Collette also probes and prods Alison with questions in pursuit of material for a book she intends to produce. Dead voices and strange noises play havoc with the recordings of the interviews, but the dialogues also force Alison to begin confronting her past, much of which is unclear to her until Colette forces her to talk about it. Even before we know the entire story it's a past nasty enough to establish a possibility (never voiced by characters or author) that Alison's supernatural abilities might stem from psychosis rather than psychic connection. Spirit guide Morris, in fact, was one of a murderous band of thugs who dominated Alison's unspeakably brutal childhood. As Alison recalls more of her childhood, Morris's dead but still villainous mates seem to be reassembling to further torture her.
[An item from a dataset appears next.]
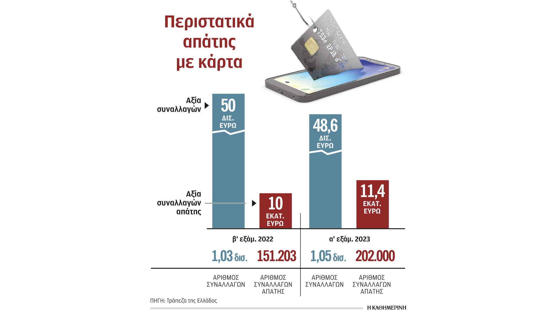• 202.000 περιστατικά απάτης συνολικής αξίας 12,5 εκατ. ευρώ σε συναλλαγές με κάρτες το α΄ εξάμηνο του 2023 έναντι 151.203 περιστατικών απάτης συνολικής αξίας 10 εκατ. ευρώ το β΄ εξάμηνο του 2022.

The women escape the "fiends", as Alison calls them, by moving to a spanking new house in a new upmarket development full of families and minivans. (Realty, new construction, suburbia and its inhabitants are all impaled on the spike of Mantel's sardonic wit.) Despite everyone thinking that Alison is some type of weather forecaster and that the women are a lesbian couple, the move brings Alison temporary respite from the fiends. But Colette, ever more controlling even as she occasionally feels unappreciated, increasingly sees her life as a dead end. No new man has entered her life in the seven years she's spent with Alison. Paying but pointless punters and kooks, Al's fellow Sensitives -- who disdain her as much as she disdains them -- surround her. Her ex, Gavin, tells her he is dating a model.

Meanwhile Alison remembers more and more of her dreadful early days and the dead fiends, their fiendishness now even more enhanced, are drawing nigh and bringing death with them.

There's more here, too, than a mere narrative. Mantel piles opposites on top of dualities, offers scathingly true observations on modern life, and shapes an overall metaphor for England circa 1997-2004.

Surprising, unsettling, deeply subversive -- one cannot but wonder if Mantel's literary cohort will completely appreciate what a dark marvel this novel is. Readers of Peter Straub, Ramsey Campbell, Graham Joyce, and Elizabeth Hand, will, however, recognize Hilary Mantel as beyond brilliant.